EXERCISE DESCRIPTION » Return exactly the span of lines in the following data that opens with the line containing "ギフトバッグ付き ベビー キッズ" and closes with the line containing "Gimli es puro". Include nothing else.

:: MATERIAL SUPPLIED

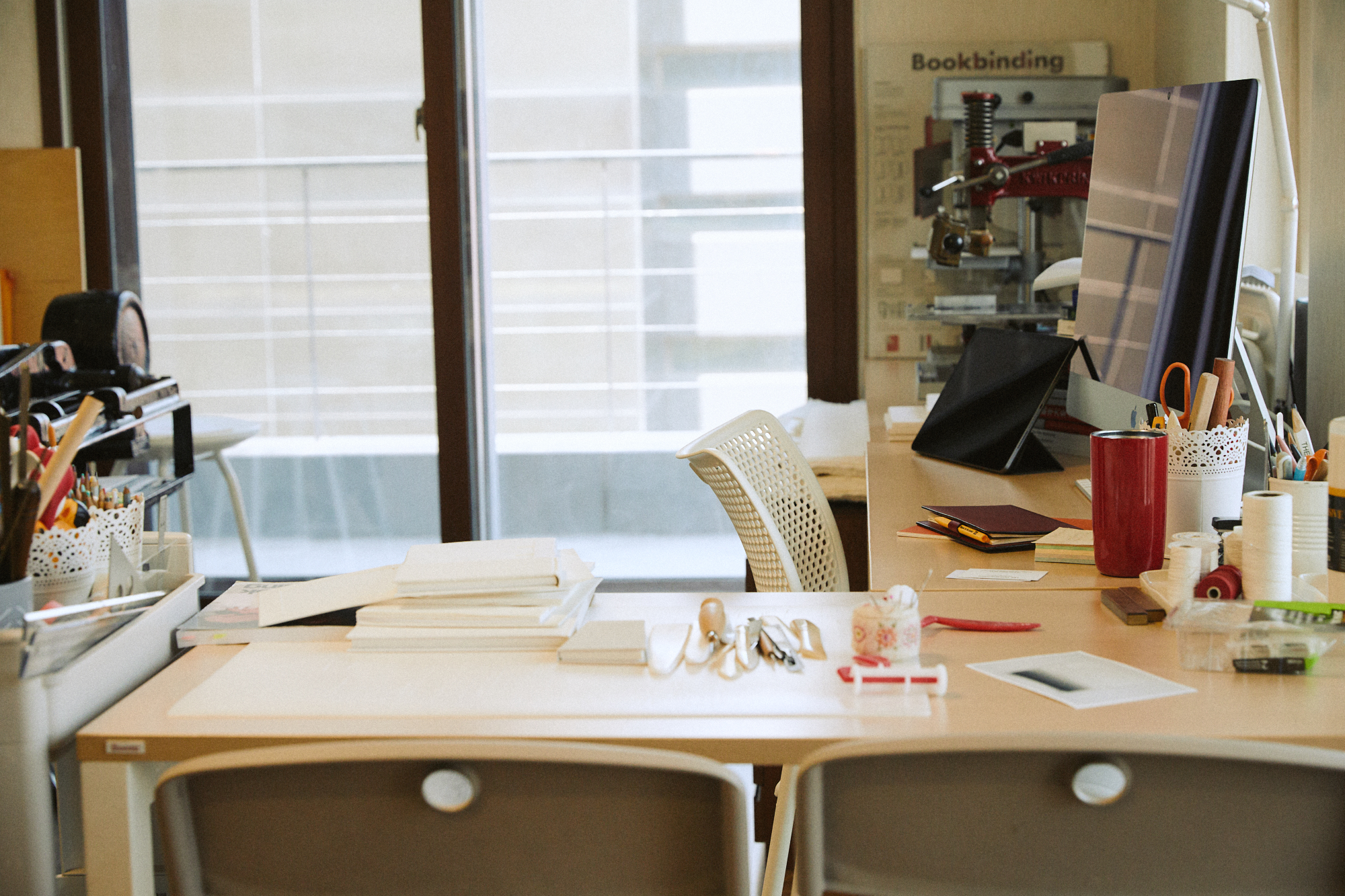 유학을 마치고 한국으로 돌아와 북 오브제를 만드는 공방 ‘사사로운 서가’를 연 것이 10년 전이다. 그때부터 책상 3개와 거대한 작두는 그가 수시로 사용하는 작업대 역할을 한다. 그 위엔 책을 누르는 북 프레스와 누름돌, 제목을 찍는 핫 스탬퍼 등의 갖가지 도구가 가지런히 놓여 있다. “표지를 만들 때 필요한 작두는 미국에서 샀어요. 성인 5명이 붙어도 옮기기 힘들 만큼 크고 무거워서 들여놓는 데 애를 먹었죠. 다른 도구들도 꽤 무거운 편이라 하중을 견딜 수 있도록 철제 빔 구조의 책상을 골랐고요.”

::::
:: MATERIAL SUPPLIED

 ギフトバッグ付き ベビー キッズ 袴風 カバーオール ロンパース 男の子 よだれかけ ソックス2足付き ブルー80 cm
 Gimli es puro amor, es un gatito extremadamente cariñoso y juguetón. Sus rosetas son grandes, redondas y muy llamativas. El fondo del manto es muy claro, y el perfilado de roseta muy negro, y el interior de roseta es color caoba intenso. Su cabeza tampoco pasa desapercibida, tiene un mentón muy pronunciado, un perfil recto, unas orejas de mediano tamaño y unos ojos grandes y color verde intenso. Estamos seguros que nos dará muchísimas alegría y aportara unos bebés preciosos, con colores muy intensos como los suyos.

::::

RESULT OF THIS EXERCISE »
 ギフトバッグ付き ベビー キッズ 袴風 カバーオール ロンパース 男の子 よだれかけ ソックス2足付き ブルー80 cm
 Gimli es puro amor, es un gatito extremadamente cariñoso y juguetón. Sus rosetas son grandes, redondas y muy llamativas. El fondo del manto es muy claro, y el perfilado de roseta muy negro, y el interior de roseta es color caoba intenso. Su cabeza tampoco pasa desapercibida, tiene un mentón muy pronunciado, un perfil recto, unas orejas de mediano tamaño y unos ojos grandes y color verde intenso. Estamos seguros que nos dará muchísimas alegría y aportara unos bebés preciosos, con colores muy intensos como los suyos.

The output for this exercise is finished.